**WHAT TO PRODUCE:** The full set of lines below has to be duplicated exactly, with no picture kept.

[Stored records]
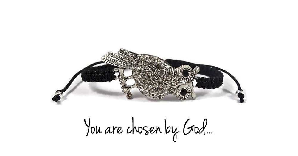 Silver Rhinestone Owl Macrame Bracelet~Gift For Her~Owl Jewelry~Crystal Rhinestone Bracelet~Christia
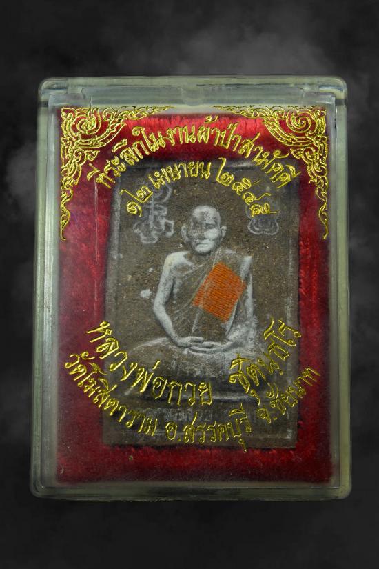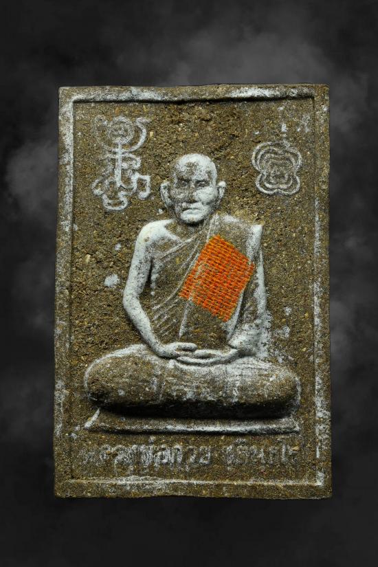 พระผงรูปเหมือนหลวงพ่อกวย วัดโฆสิตาราม หลังแม่ธรณี ปี2545 พร้อมกล่องเดิม (หายากหมุนเวียนน้อยมาก) |
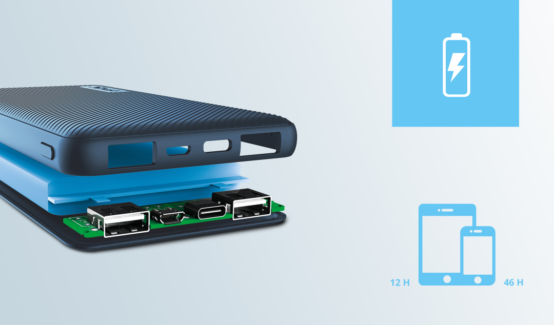 Niewielki rozmiar, ale duża funkcjonalność, Primo oferuje pojemność 10.000 mAh w kompaktowej konstrukcji i łatwo mieści się w każdej torbie. Dzięki temu towarzyszowi podróży możesz podładować swoje urządzenie, gdy jesteś poza domem, w pełni naładując telefon nawet 4 razy i zapewniając do 46 dodatkowych godzin baterii telefonu lub 12 dodatkowych godzin na tablecie.
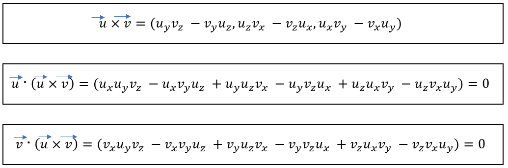 두 개의 벡터 u와 v의 외적에 대해 u와 v를 각각 내적하게 되면 항상 0의 결과값이 나오는 것을 확인할 수 있다
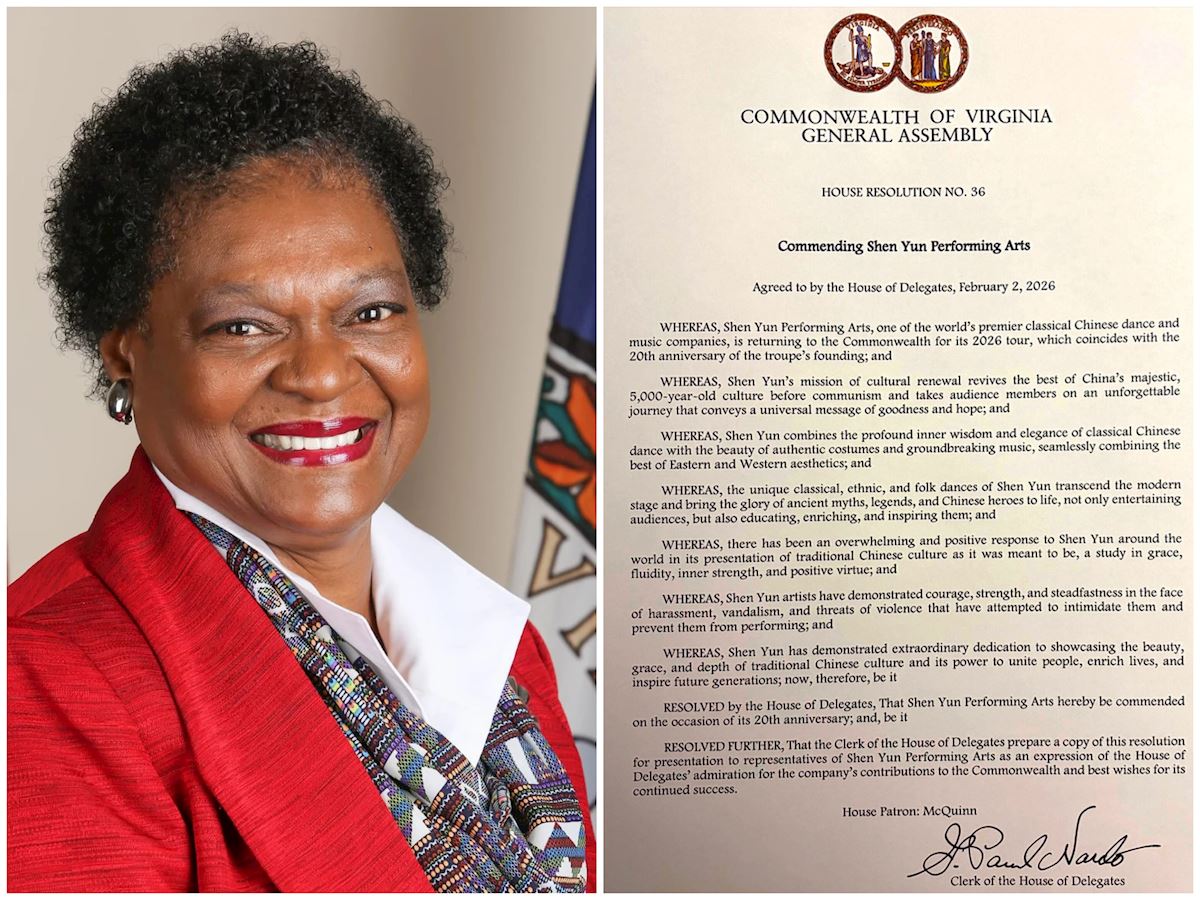 2026年2月2日,弗吉尼亚州众议院全票通过36号决议案,对神韵艺术团成立20周年给予表彰。
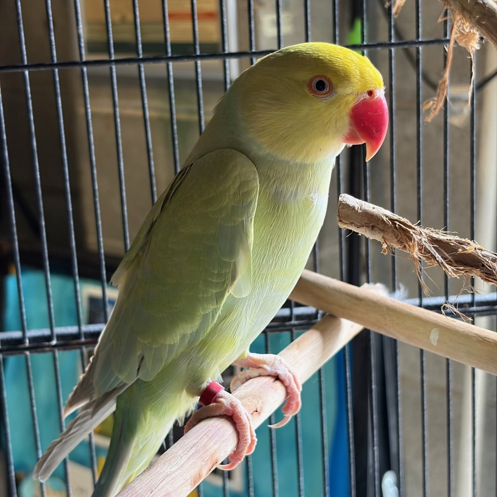 Lilo is a gorgeous 3 year old Indian Ringneck with a gentle, shy nature. She hasn't had much socialisation with people so far, but with patience, consistency, and kindness, she has the potential to slowly build trust and come out of her shell.
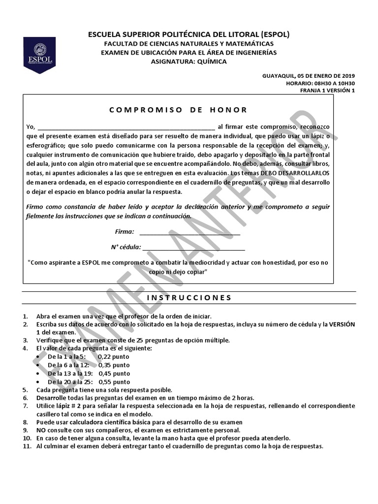 que el presente examen está diseñado para ser resuelto de manera individual, que puedo usar un lápiz o

**RESPONSE BELOW:**
 Silver Rhinestone Owl Macrame Bracelet~Gift For Her~Owl Jewelry~Crystal Rhinestone Bracelet~Christia
 พระผงรูปเหมือนหลวงพ่อกวย วัดโฆสิตาราม หลังแม่ธรณี ปี2545 พร้อมกล่องเดิม (หายากหมุนเวียนน้อยมาก) |
 Niewielki rozmiar, ale duża funkcjonalność, Primo oferuje pojemność 10.000 mAh w kompaktowej konstrukcji i łatwo mieści się w każdej torbie. Dzięki temu towarzyszowi podróży możesz podładować swoje urządzenie, gdy jesteś poza domem, w pełni naładując telefon nawet 4 razy i zapewniając do 46 dodatkowych godzin baterii telefonu lub 12 dodatkowych godzin na tablecie.
 두 개의 벡터 u와 v의 외적에 대해 u와 v를 각각 내적하게 되면 항상 0의 결과값이 나오는 것을 확인할 수 있다
 2026年2月2日,弗吉尼亚州众议院全票通过36号决议案,对神韵艺术团成立20周年给予表彰。
 Lilo is a gorgeous 3 year old Indian Ringneck with a gentle, shy nature. She hasn't had much socialisation with people so far, but with patience, consistency, and kindness, she has the potential to slowly build trust and come out of her shell.
 que el presente examen está diseñado para ser resuelto de manera individual, que puedo usar un lápiz o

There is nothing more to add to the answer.